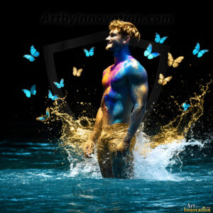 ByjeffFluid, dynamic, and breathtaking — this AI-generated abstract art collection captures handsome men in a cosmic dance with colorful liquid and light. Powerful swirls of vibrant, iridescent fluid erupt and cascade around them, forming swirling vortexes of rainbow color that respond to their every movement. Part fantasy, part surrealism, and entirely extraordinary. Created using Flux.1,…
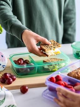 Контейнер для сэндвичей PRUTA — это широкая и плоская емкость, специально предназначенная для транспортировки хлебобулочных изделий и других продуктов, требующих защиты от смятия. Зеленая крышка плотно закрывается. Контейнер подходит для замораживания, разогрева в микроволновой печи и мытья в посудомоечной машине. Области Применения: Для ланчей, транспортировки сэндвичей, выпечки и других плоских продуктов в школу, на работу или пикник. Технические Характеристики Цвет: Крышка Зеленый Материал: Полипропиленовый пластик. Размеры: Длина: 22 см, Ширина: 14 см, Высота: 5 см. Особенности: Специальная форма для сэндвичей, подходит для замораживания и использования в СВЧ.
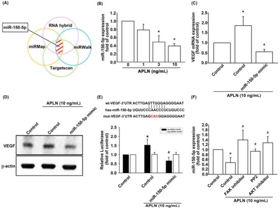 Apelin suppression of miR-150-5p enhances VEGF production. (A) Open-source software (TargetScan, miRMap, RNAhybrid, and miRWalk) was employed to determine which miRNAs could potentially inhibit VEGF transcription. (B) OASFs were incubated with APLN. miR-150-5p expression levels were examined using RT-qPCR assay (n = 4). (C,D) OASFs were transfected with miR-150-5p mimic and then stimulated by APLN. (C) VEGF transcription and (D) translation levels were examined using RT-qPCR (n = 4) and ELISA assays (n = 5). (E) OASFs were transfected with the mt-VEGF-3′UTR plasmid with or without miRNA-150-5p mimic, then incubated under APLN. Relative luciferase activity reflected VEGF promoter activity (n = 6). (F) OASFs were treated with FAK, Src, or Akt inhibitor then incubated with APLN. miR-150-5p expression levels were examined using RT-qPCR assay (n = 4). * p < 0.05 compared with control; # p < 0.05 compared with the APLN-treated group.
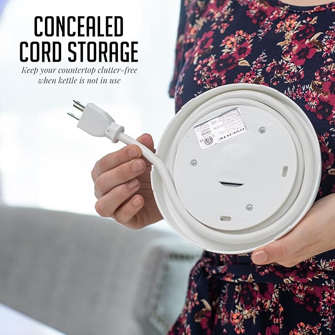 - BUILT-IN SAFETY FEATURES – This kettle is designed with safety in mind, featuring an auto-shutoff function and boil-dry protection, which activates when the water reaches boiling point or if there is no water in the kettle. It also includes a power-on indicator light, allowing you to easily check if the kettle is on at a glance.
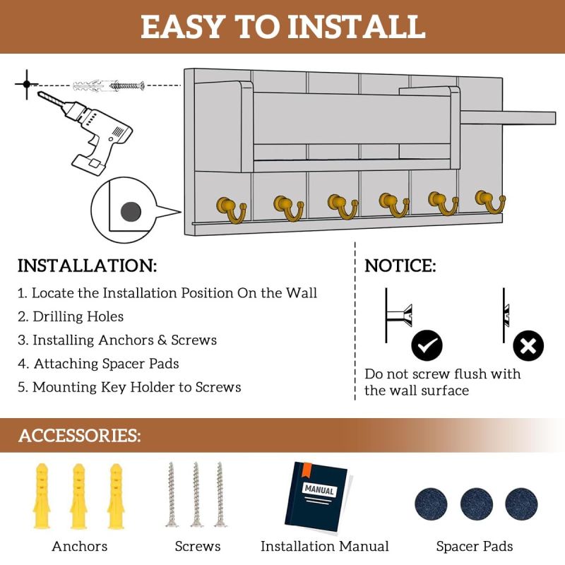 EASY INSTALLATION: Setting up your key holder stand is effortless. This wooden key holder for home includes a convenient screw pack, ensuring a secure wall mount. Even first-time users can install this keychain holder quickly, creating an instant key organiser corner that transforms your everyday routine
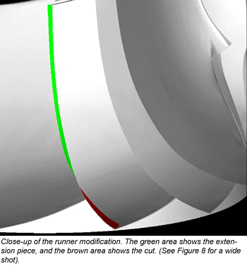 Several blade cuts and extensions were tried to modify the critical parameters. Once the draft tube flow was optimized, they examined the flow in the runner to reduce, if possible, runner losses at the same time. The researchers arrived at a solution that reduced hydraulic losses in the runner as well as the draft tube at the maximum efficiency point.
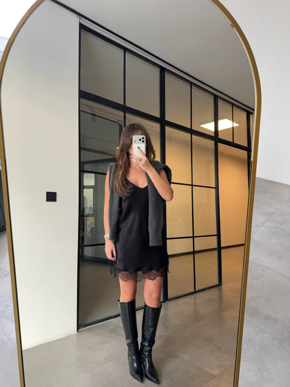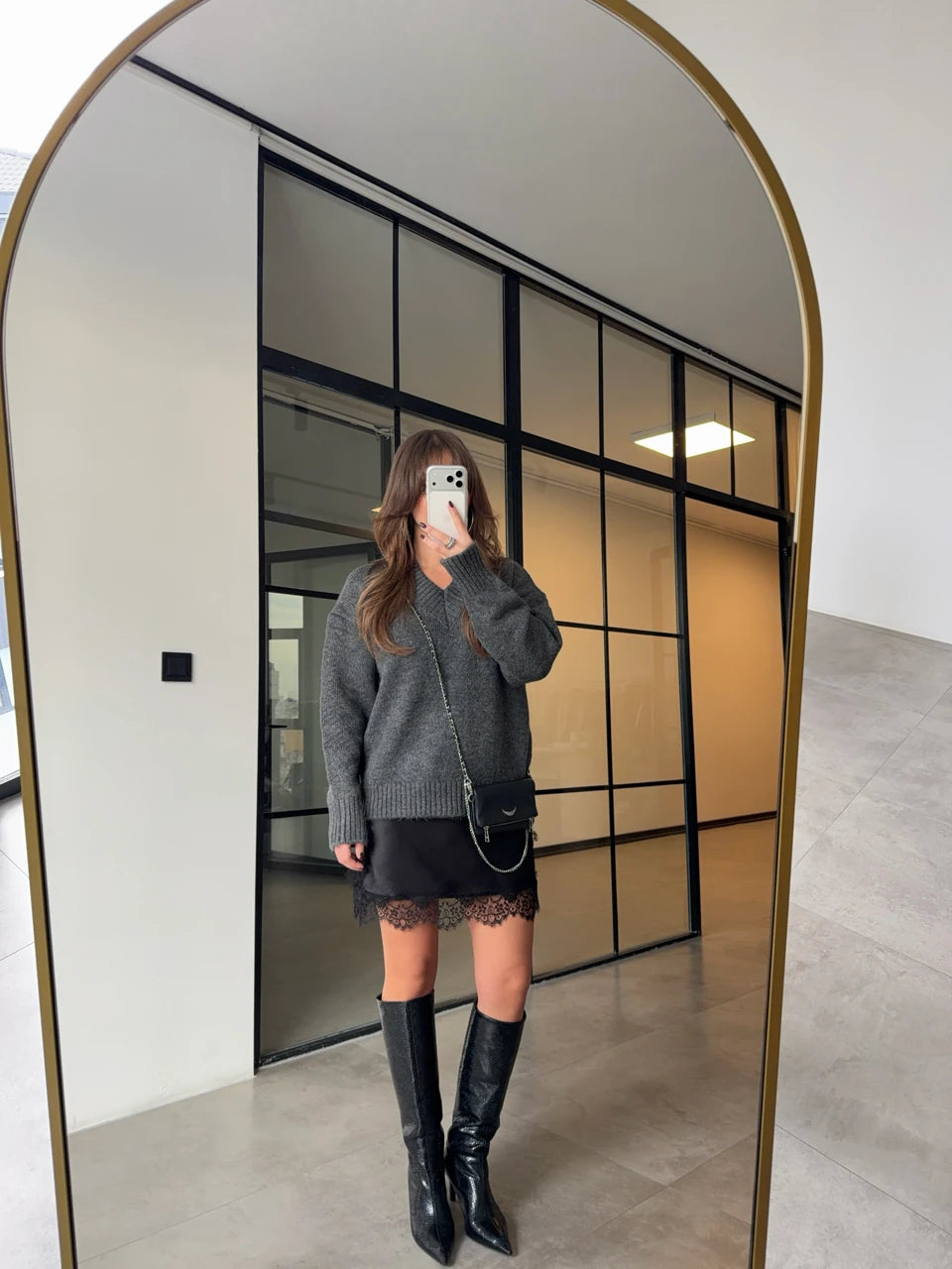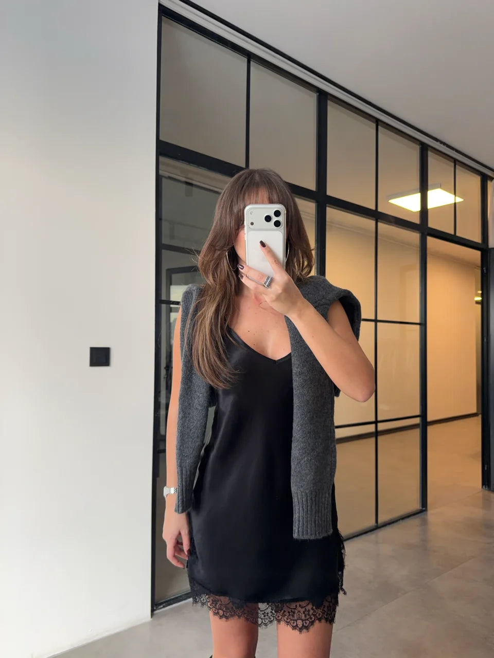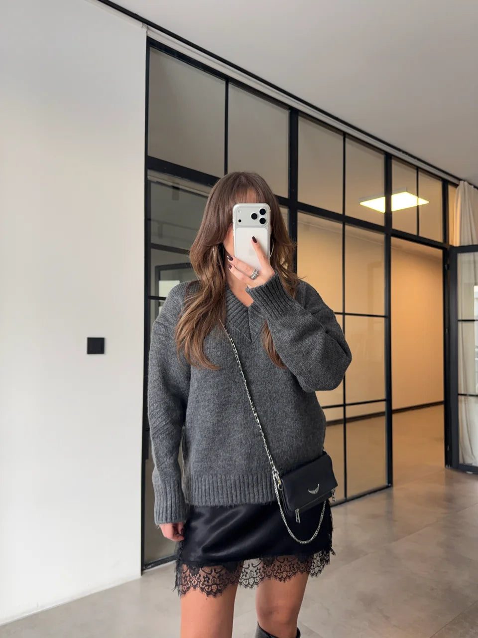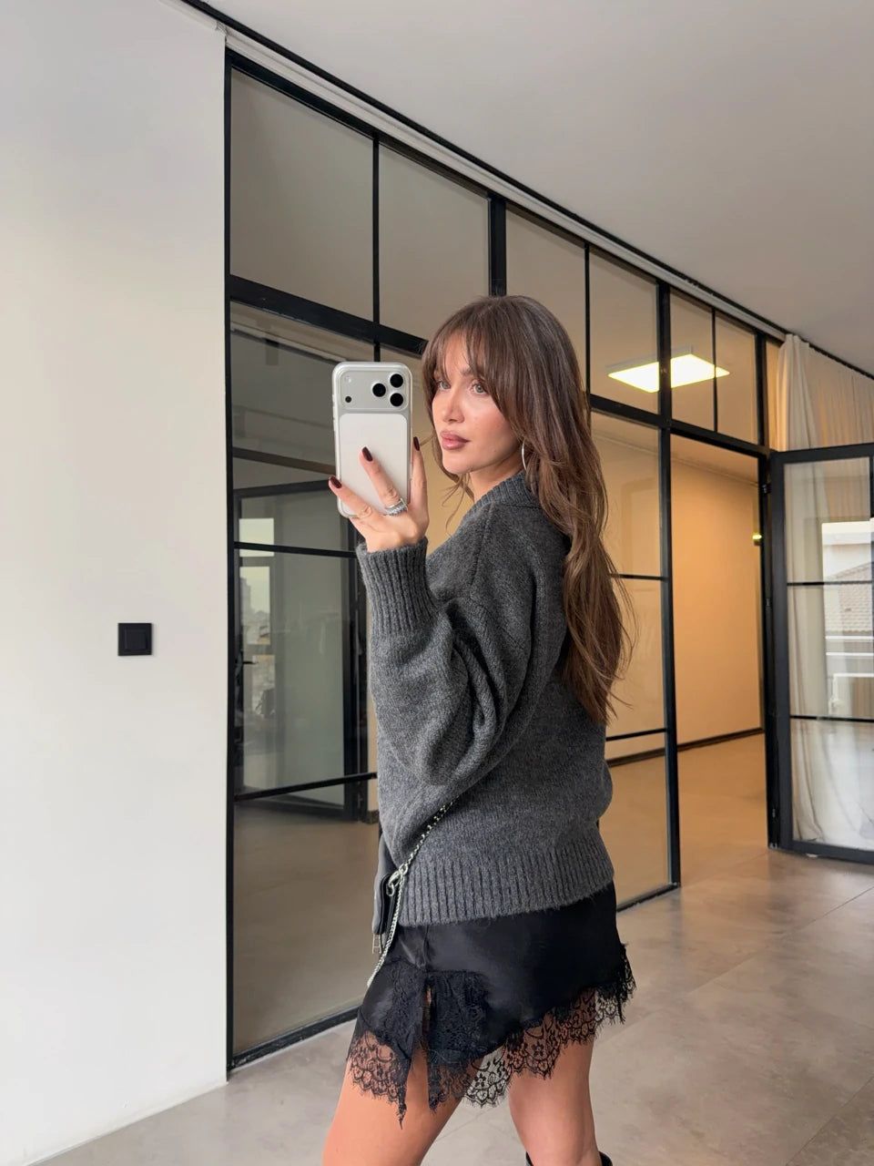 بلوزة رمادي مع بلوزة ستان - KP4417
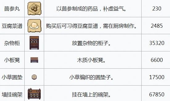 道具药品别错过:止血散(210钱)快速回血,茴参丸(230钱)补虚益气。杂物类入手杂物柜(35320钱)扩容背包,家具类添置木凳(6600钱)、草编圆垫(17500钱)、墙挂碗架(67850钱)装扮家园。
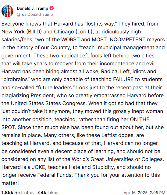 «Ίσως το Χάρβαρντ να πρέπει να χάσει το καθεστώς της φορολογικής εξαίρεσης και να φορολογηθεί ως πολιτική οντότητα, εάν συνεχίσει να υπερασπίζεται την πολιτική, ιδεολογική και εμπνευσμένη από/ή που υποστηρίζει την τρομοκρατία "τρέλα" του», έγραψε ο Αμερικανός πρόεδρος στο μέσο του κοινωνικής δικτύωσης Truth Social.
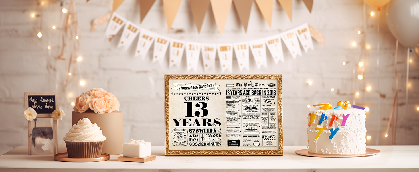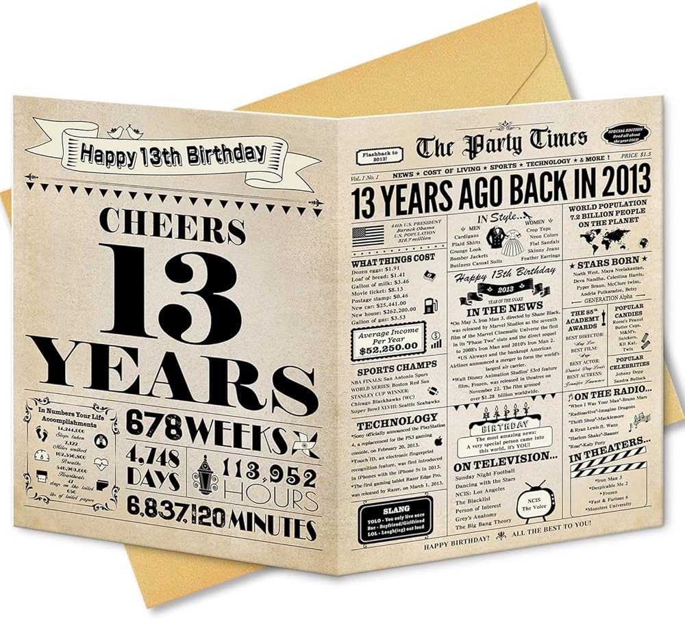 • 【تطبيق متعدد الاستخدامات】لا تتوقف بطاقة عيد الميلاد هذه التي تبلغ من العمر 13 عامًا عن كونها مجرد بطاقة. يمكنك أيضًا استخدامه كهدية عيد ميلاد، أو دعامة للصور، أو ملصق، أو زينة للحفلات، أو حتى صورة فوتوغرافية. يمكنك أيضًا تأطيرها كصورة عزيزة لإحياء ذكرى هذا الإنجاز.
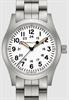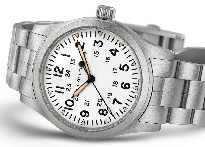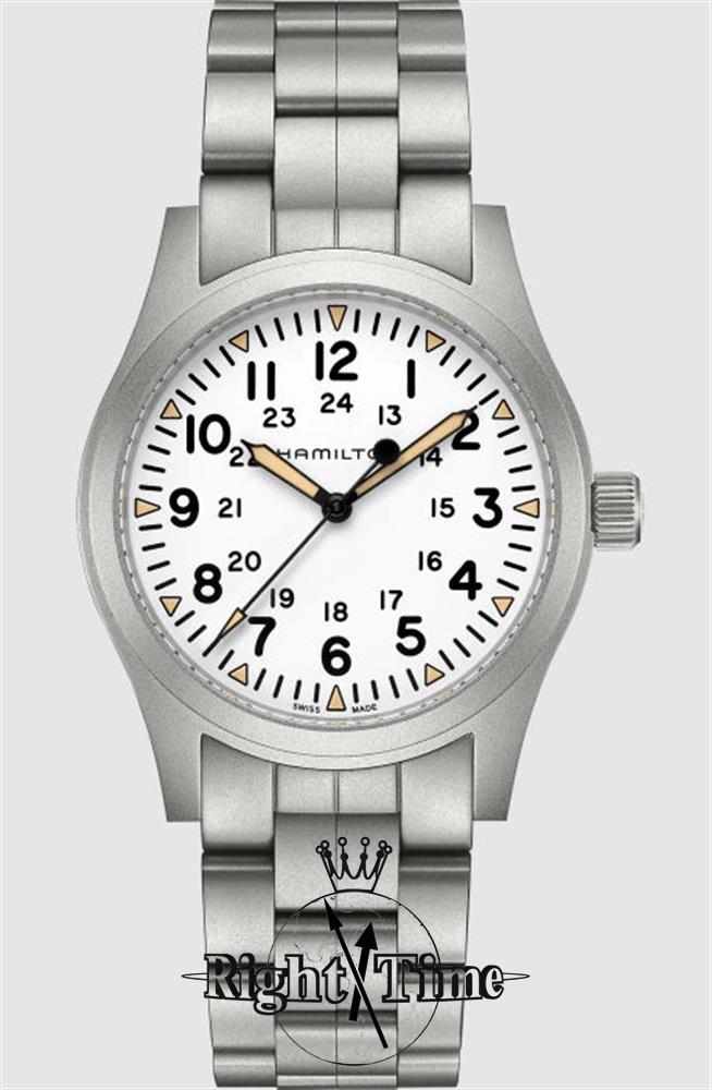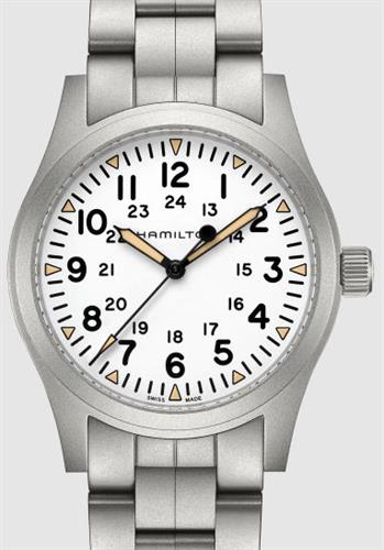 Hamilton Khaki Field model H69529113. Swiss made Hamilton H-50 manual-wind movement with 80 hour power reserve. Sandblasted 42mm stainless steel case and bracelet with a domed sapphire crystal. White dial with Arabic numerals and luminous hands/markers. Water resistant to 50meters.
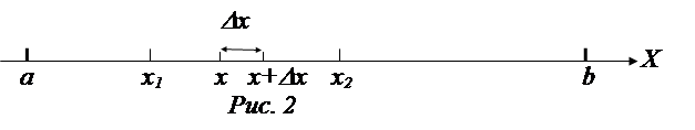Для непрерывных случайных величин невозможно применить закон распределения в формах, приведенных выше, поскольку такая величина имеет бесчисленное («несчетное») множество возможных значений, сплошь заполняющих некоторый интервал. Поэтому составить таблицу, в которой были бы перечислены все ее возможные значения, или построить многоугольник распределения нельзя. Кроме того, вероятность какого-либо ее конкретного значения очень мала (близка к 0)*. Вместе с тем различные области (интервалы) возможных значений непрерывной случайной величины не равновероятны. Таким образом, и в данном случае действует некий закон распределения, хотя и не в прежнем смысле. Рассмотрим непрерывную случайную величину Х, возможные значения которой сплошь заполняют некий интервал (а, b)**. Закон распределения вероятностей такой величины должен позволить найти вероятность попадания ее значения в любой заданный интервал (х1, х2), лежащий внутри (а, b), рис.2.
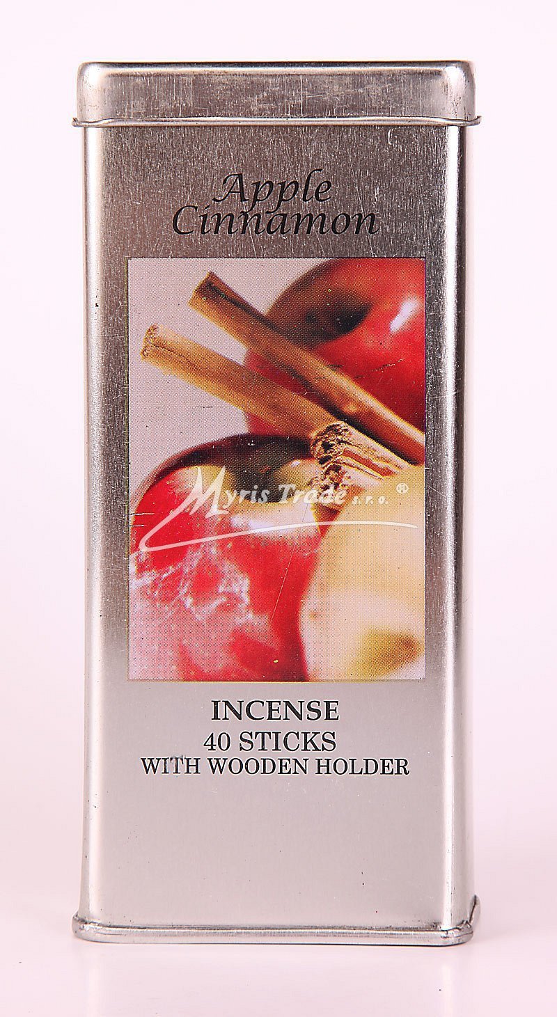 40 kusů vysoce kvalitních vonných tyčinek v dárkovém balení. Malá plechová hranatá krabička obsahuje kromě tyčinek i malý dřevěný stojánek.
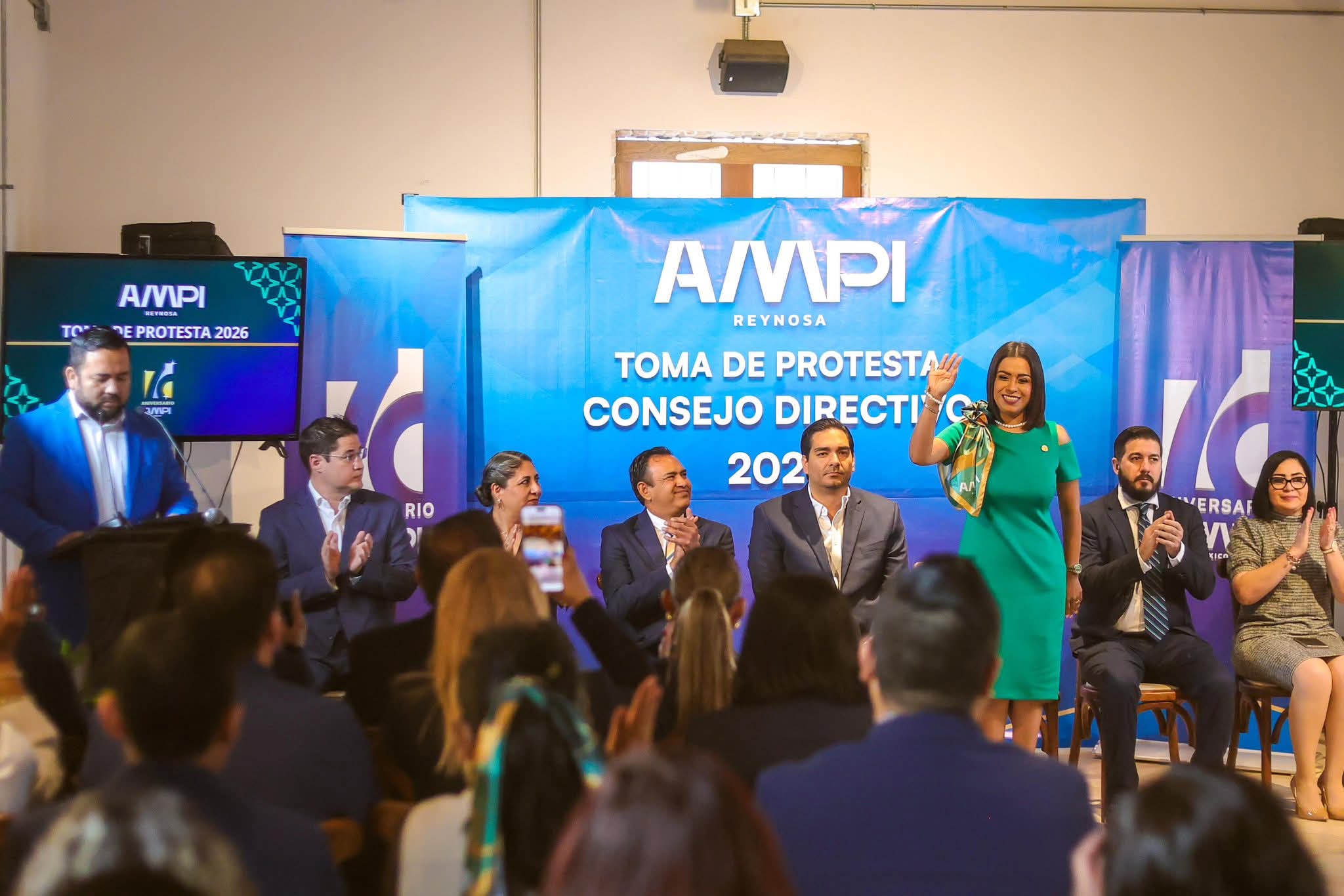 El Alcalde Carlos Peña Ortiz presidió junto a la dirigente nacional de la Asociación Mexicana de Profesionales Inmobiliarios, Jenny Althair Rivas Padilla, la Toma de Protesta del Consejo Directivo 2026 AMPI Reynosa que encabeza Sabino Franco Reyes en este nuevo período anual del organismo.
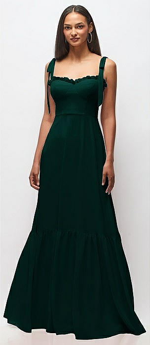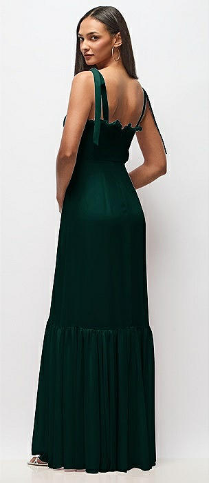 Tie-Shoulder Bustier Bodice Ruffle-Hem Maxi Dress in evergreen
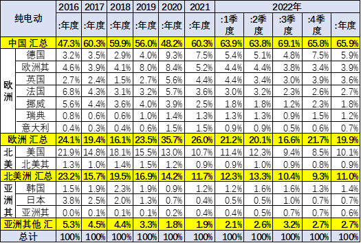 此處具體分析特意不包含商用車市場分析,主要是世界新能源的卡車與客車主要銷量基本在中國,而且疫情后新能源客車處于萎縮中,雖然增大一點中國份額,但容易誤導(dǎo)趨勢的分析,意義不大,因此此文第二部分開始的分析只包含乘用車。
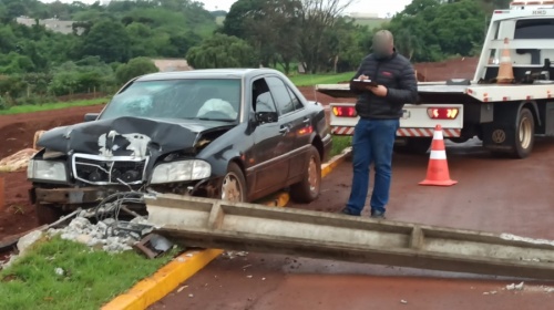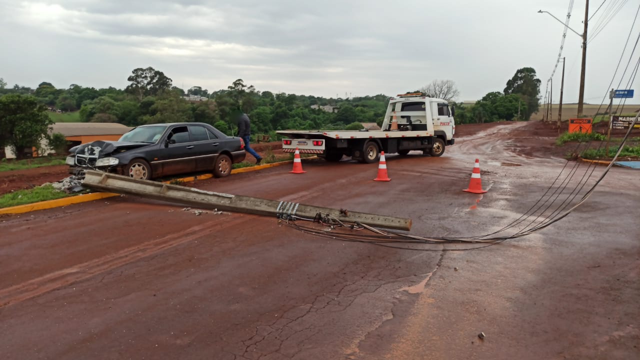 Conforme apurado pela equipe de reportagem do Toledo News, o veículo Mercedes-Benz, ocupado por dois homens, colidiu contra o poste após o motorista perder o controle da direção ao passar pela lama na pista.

**WHAT IS BEING ASKED**
Each line from the one with "El Alcalde Carlos" through the final line of the records must be copied exactly, with no pictures and no additional lines.

**WRITTEN RESPONSE**
 El Alcalde Carlos Peña Ortiz presidió junto a la dirigente nacional de la Asociación Mexicana de Profesionales Inmobiliarios, Jenny Althair Rivas Padilla, la Toma de Protesta del Consejo Directivo 2026 AMPI Reynosa que encabeza Sabino Franco Reyes en este nuevo período anual del organismo.
 Tie-Shoulder Bustier Bodice Ruffle-Hem Maxi Dress in evergreen
 此處具體分析特意不包含商用車市場分析,主要是世界新能源的卡車與客車主要銷量基本在中國,而且疫情后新能源客車處于萎縮中,雖然增大一點中國份額,但容易誤導(dǎo)趨勢的分析,意義不大,因此此文第二部分開始的分析只包含乘用車。
 Conforme apurado pela equipe de reportagem do Toledo News, o veículo Mercedes-Benz, ocupado por dois homens, colidiu contra o poste após o motorista perder o controle da direção ao passar pela lama na pista.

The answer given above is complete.